Partout, les producteurs vont s’approprier leurs supports de travail, leurs outils de travail ; les nomades vont s’approprier des troupeaux, et les cultivateurs vont s’approprier la terre en se sédentarisant, les éleveurs les pâturages. Mais surtout ils vont s’approprier les produits qu’ils auront fabriqués, pour pouvoir les négocier, en vue d’un échange ; pour pouvoir les vendre. Ainsi, le producteur ne va plus seulement produire, et attendre que son produit soit acheté, il va le vendre ; il va créer le besoin pour le vendre. Il va faire de la publicité. Il devient donc dépendant de ses « clients ». Non seulement pour sa propre subsistance il est dépendant de ses congénères, du fait de sa spécialisation, mais en plus, sa production, son labeur, ou plutôt la valeur échangeable de celui-ci, devient dépendante des autres consommateurs, des clients. S’il ne vend pas ses produits, ses services, il n’obtiendra pas de moyen de subsistance.     

De plus, les supports de travail, et les ressources elles-mêmes, vont pouvoir se vendre. La terre prend de la valeur, de même que le bétail ou les semences. Du coup, de cette propriété, la spéculation va naître : Des commerçants vont lui acheter des stocks, et les revendre plus chers, avec leurs marges prise sur la vente, ou sur le transport. On va, avec la marchandisation des terres et des ressources, créer des inégalités, certains possédant d’avantage de ressources que d’autres. A force de spéculation, des monopoles vont apparaître ; le producteur pouvant offrir le prix le plus bas pour un même produit remportera la vente, et donc aura un avantage monétaire. Au final, certains, qui n’arriveront pas à vendre leurs produits, ou qui n’arriveront pas à les vendre à un prix suffisant pour vivre, ne vont plus pouvoir se payer les autres produits qui leur sont nécessaires. Ils vont devoir vendre leurs outils, leurs ressources, leurs terres ; et il ne leur restera que leur force de travail à négocier sur le marché. Ils vont devenir des ouvriers, travaillant pour des propriétaires, fabricant des produits qui resteront entre les mains de ceux-ci, en échange d’une rémunération qui restera toujours inférieure à la valeur monnayable des produits que le travailleur aura fabriqué pour cela.     
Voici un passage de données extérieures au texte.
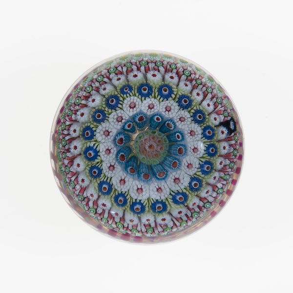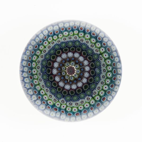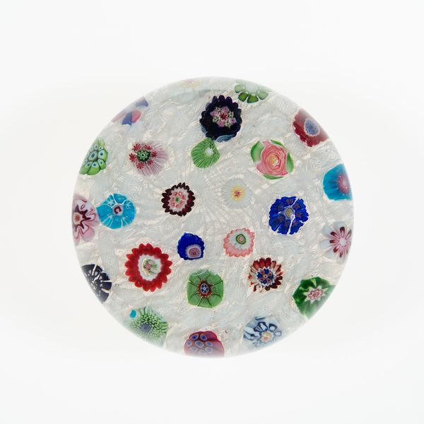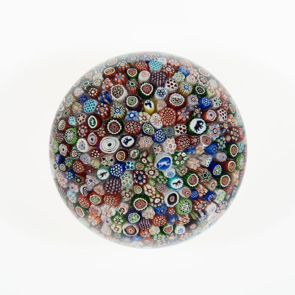 This paperweight was created by the Compagnie de Saint Louis using lampwork glass. It represents the highpoint of glassmaking as a luxury industry in nineteenth-century France. The overall effect of the paperweight is achieved through painstaking labor. Individual glass rods are bundled together into patterned canes, which are then sliced into segments and arranged in a tight, circular formation. This requires precise coordination by a team of glassworkers, each with specialized skills. The central motif, with two silhouetted figures, indicates the level of complexity involved. The entire assembly is then encased in clear glass, magnifying the intricate design. Objects like these represent a paradox. They required intense skill, but were ultimately conceived as a beautiful desk accessory, a purely decorative object. This reflects the tension between the handmade and the industrial, fine art and craft, that characterized the period. By considering the social context and the labor involved, we can more fully appreciate the intricate beauty of this paperweight.
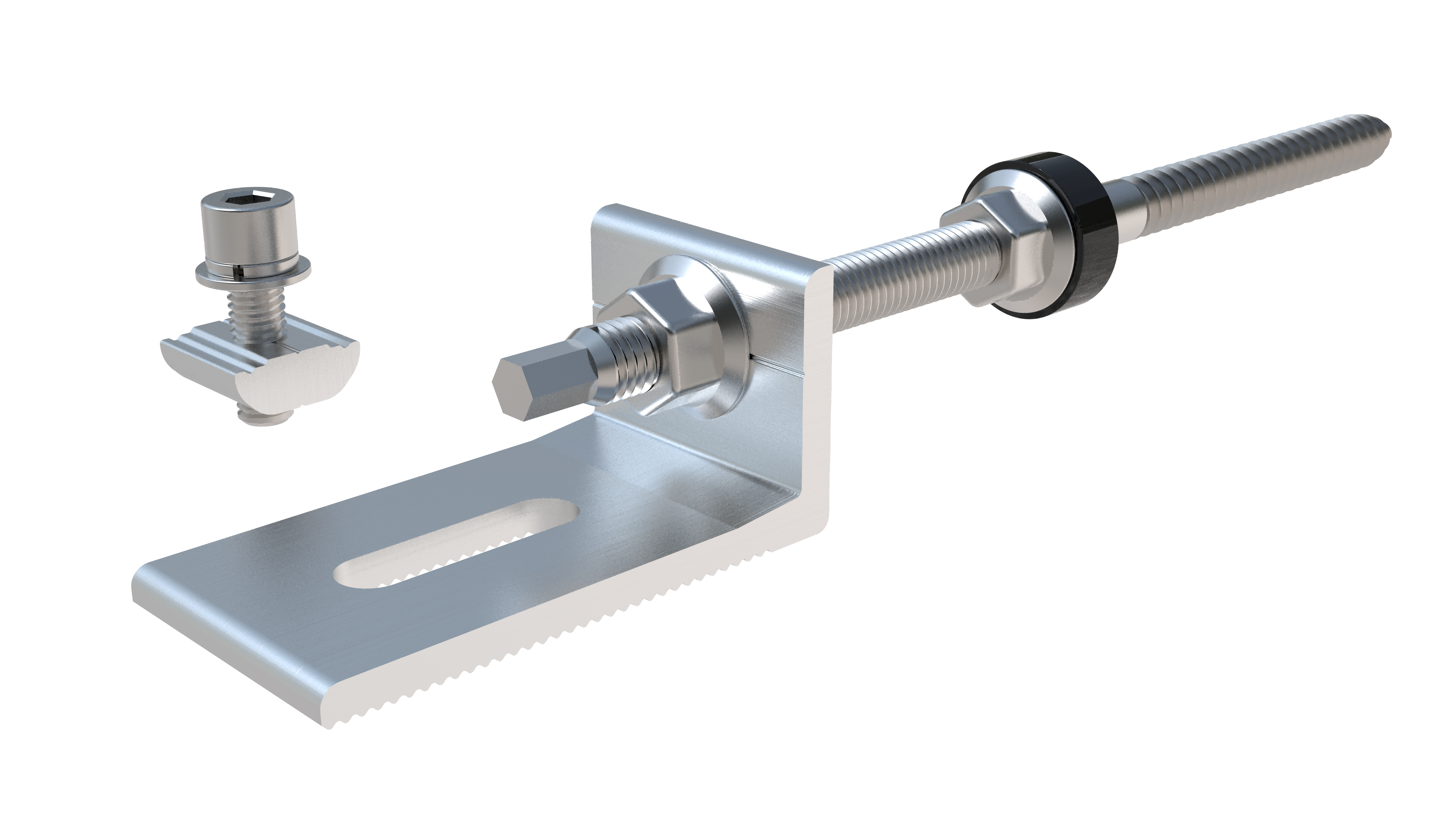 Metal Solar Roof L føtters form, tro mot navnet, er L-formet. It connects the roof to the rail through its unique form, but don't underestimate its strength—our engineers perform calculations to ensure it can withstand wind loads effectively. Selv om det krever boring av hull i taket, har det utmerket vanntettingsytelse og vil aldri lekke.
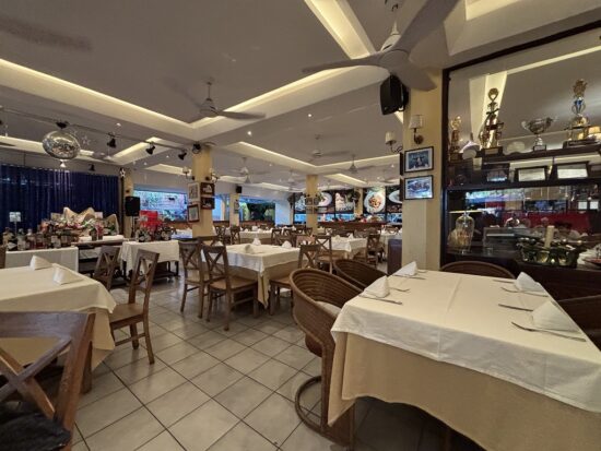 店内はほぼオープンエア構造で、天井のシーリングファンは回っているものの外気温とほぼ変わらない状態。
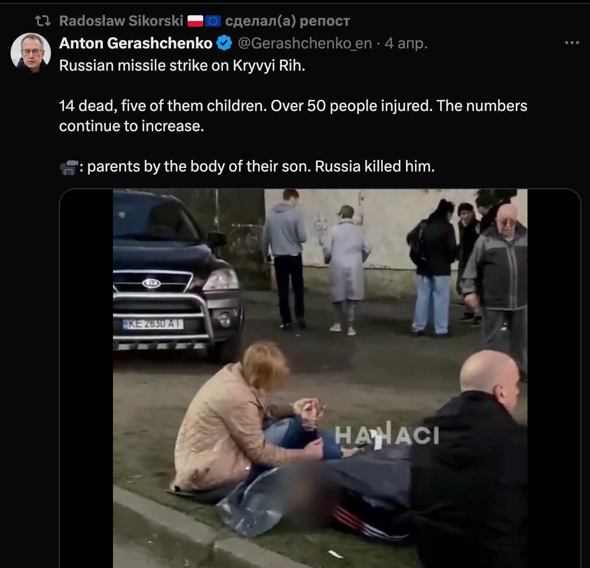 Українська влада удар по Кривому Рогу зараз подає як аргумент на користь необхідності посилення тиску на РФ, оскільки Москва "не хоче закінчувати війну". Саме такий меседж українська влада намагалася донести до США ще до трагедії у Кривому Розі. І ці зусилля після російського удару по місту різко зросли. Траур оголосили не лише у Кривому Розі, а й у низці інших міст по всій Україні.
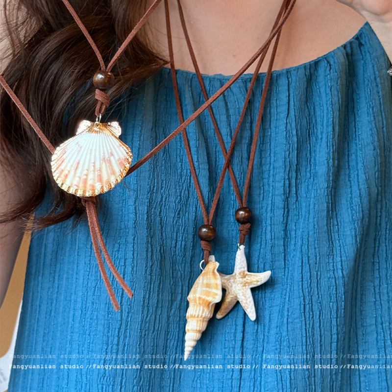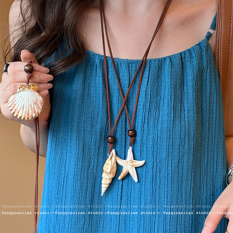 Island Holiday Phong Cách Sao biển Vòng cổ vỏ sò nữ thời trang ngách dễ phối khí chất phong cách Bohemian Dây chuyền xương đòn dài
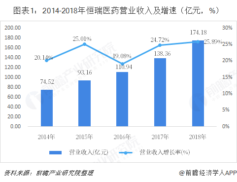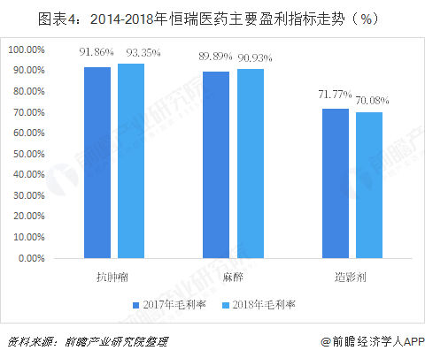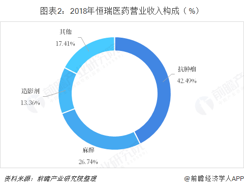 从营业收入及其增长来看,2018年均为近五年最高值,分别为174.18亿元和25.89%。分产品来看,公司三大系列产品对公司的营收贡献合计82.59%,其中抗肿瘤药营收占比42.49%;麻醉用药营收占比26.74%;造影剂营收占比13.36%。
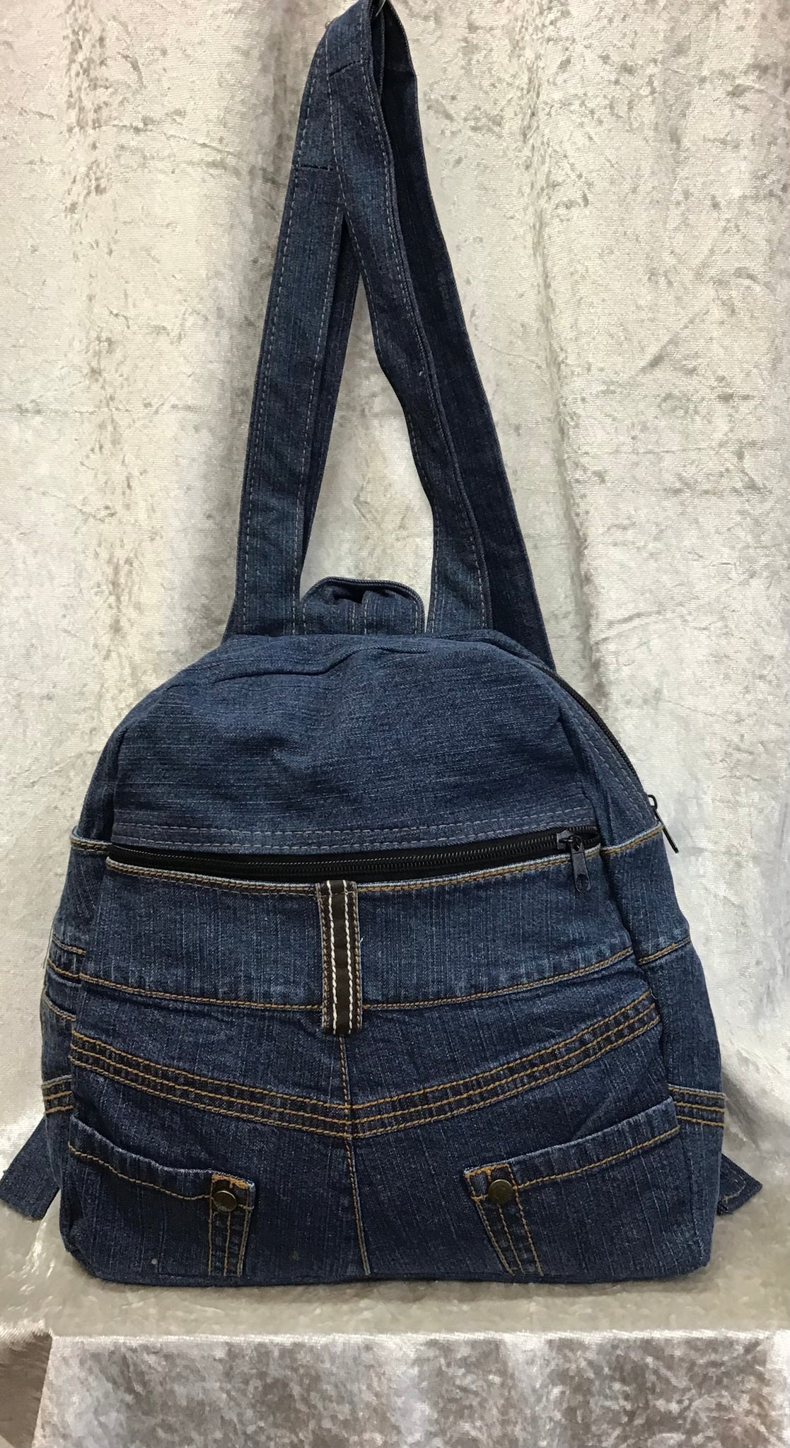 Turn heads and make a difference with our Recycled Denim Bag. Crafted from recycled denim, each bag is unique in shape and size. Perfect for the eco-conscious fashion lovers.
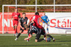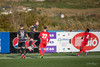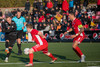 Darraðadans í teignum, Haukarnir henda sér fyrir skot HK-inga, endar með skoti yfir markið.
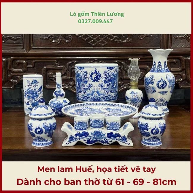 Điểm nổi bật của bộ sản phẩm là lớp men lam Huế đặc trưng với gam màu xanh lam trang nhã, cổ điển, tạo nên chiều sâu và vẻ đẹp trầm mặc cho không gian thờ. Men được nung ở nhiệt độ cao, giúp sản phẩm có độ bền chắc, chống bong tróc, dễ lau chùi và giữ màu sắc bền bỉ lâu dài theo năm tháng.
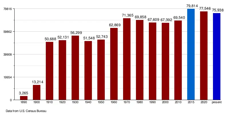 | 2024 (est.) | 75,938 | [1] | −2.1% |
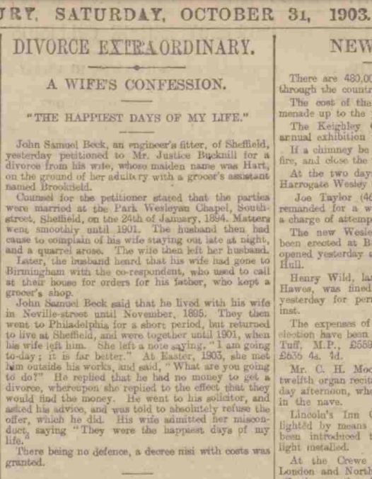 On the 24th January 1894 he marries Mary Anne Beck nee Hart at the Park Chapel and in the same year their son Wilfred Beck is born on the 29th October 1894. They are living at 16 Neville Street, Brightside, Sheffield until 1895. They then went to Philadelphia USA for a short period prior to returning to Sheffield. Unfortunately this marriage has no happy ending. By 1901 things are not going well. His wife is staying out late and in 1903 a petition for divorce is served. The local press are eager to report the information which was quite the local scandal at the time.
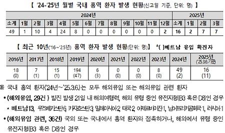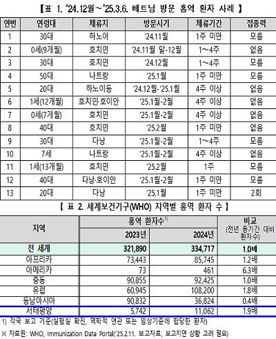 특히 2024년 12월부터 2025년 3월까지 확진된 18명 중 13명이 베트남 방문 이력이 있으며, 이 중 12명은 백신 접종력이 없거나 불명확했다.
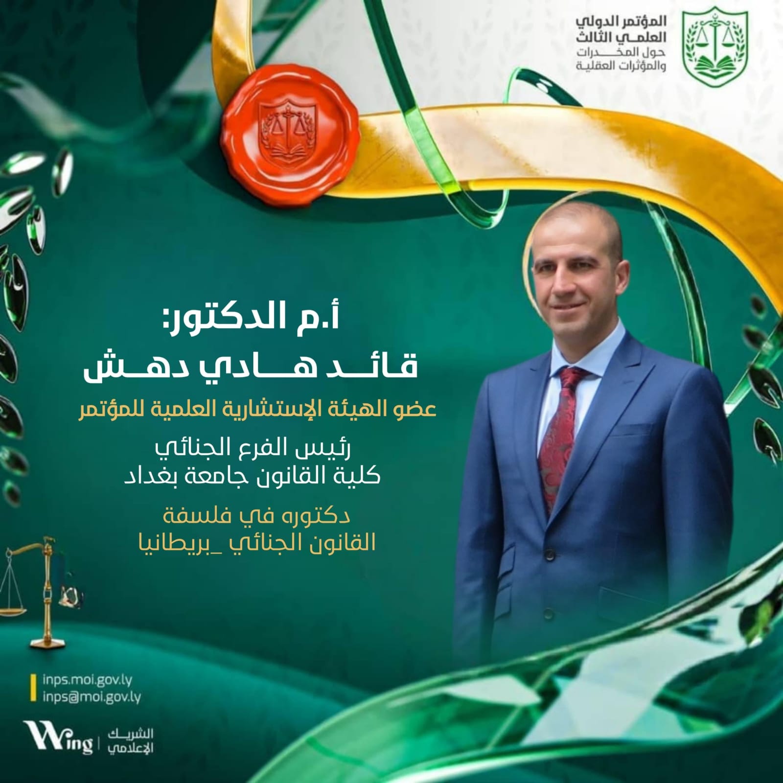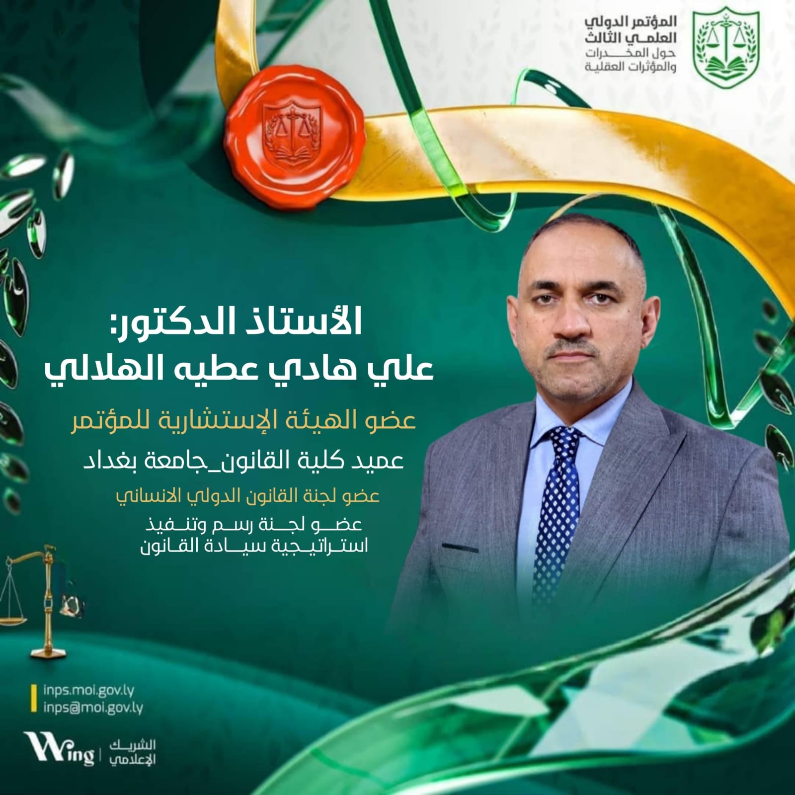 في إطار التعاون العلمي الدولي، تم اختيار الأستاذ الدكتور علي هادي عطية الهلالي، عميد كلية القانون – جامعة بغداد، عضواً في الهيئة الاستشارية، والأستاذ المساعد الدكتور قائد هادي دهش، رئيس الفرع الجنائي في الكلية، عضواً في الهيئة الاستشارية العلمية للمؤتمر العلمي الدولي الثالث حول المخدرات والمؤثرات العقلية: واقع المواجهة التشريعية والقضائية والأمنية لإشكالياتها، الذي يُعقد في العاصمة الليبية طرابلس للفترة من 25 إلى 28 تشرين الثاني 2025، تحت شعار:
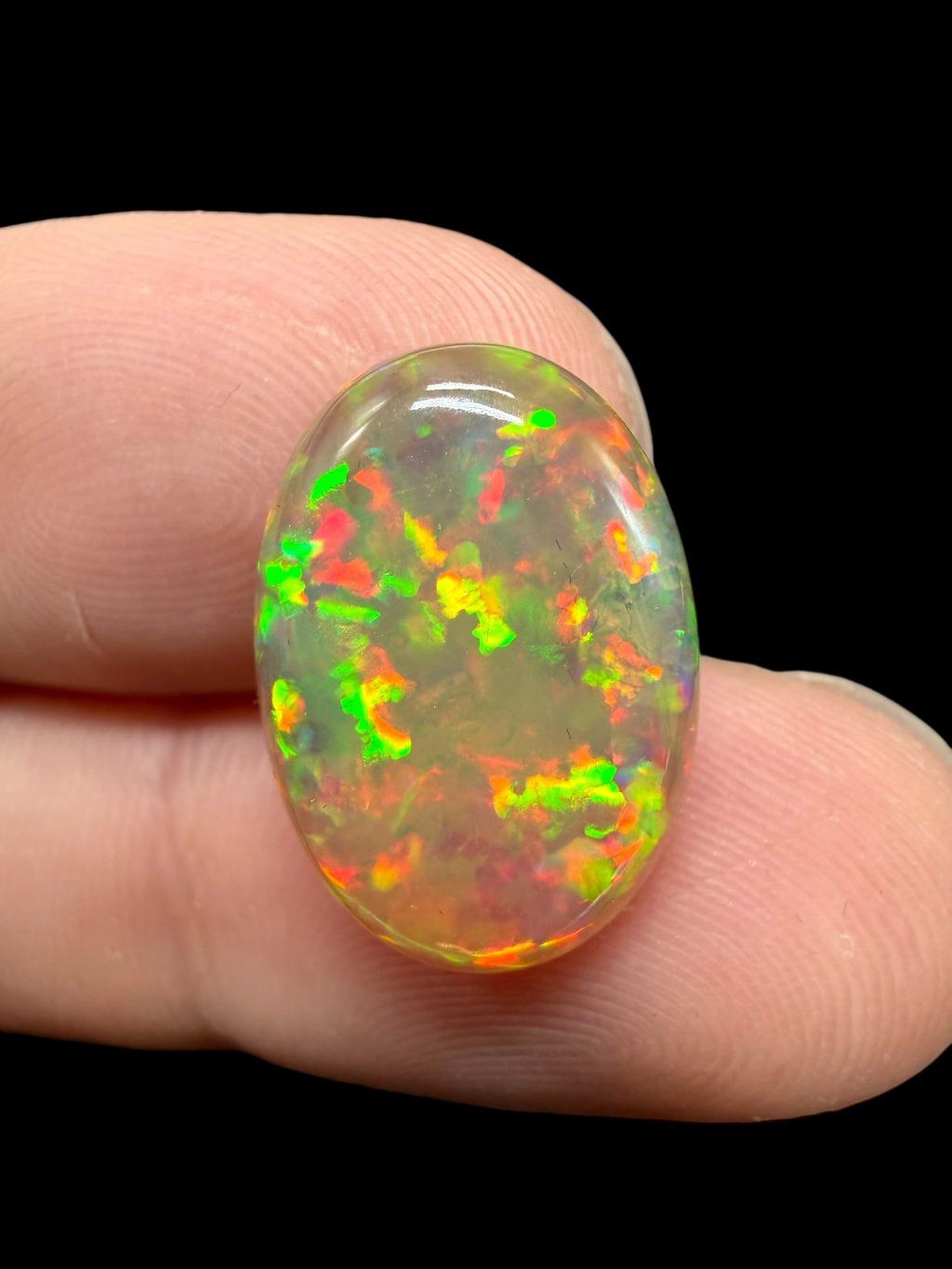Ethiopian opal cabochons display a wide range of colors, from light milky white tones through yellow and orange hues to vivid red and green flashes. Some specimens also exhibit rare blue or violet play-of-color, which flows smoothly across the domed surface thanks to the cabochon cut.
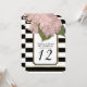 ¡Una forma tan económica de agregar brillo y glamour al decorado de la mesa de recepción! Estas tarjetas de número de mesa se pueden enmarcar, colocar en un soporte o utilizar de muchas maneras para dirigir a sus invitados a su asiento en la mesa para su recepción de boda formal, ducha de novia o evento comercial formal. Simplemente cambie el número de mesa para cada uno y colóquelo en su carrito de compras. Este diseño tiene un diseño floral pintado a mano con flores de hortensia rosadas. Estas flores crecieron en los jardines de Audrey Jeanne y se recogieron frescas para pintar del natural. Un fondo de rayas anchas negras y blancas en negrita se combina con un marco de estilo art déco con esquinas dentadas que se delinea con un brillo dorado falso. Derechos de autor de arte y diseño gráfico, Audrey Jeanne Roberts, todos los

La civilisation industrielle s’est développée dans le cadre de mythes commodes. Le moteur de la société industrielle moderne, c’est le gain personnel, qu’on juge légitime, et même méritoire, sous le prétexte que les vices de l’un font la prospérité de tous” Noam Chomsky, Manufacturing consent    

Aujourd’hui, même l’argent peut être monnayé ; ceux qui en détiennent de grandes quantités en vendent, sur les « marchés financiers », contre des intérêts, ou avec des marges prises sur les différences de valeur de différentes devises. Cette loi de l’offre et de la demande, le marché, qui a été universellement admis depuis l’agriculture, rend les individus doublement dépendants, à la fois de l’offre, et de la demande. En tant que consommateur, et en tant que travailleur. Et cette dépendance est la cause d’une immense insécurité individuelle. La valeur économique globale de la société augmente, à mesure qu’augmente la spécialisation, et que le labeur est réparti entre les mains de travailleurs de plus en plus spécialisés, mais en même temps, les individus sont, proportionnellement, en état de dépendance et d’insécurité économique croissante.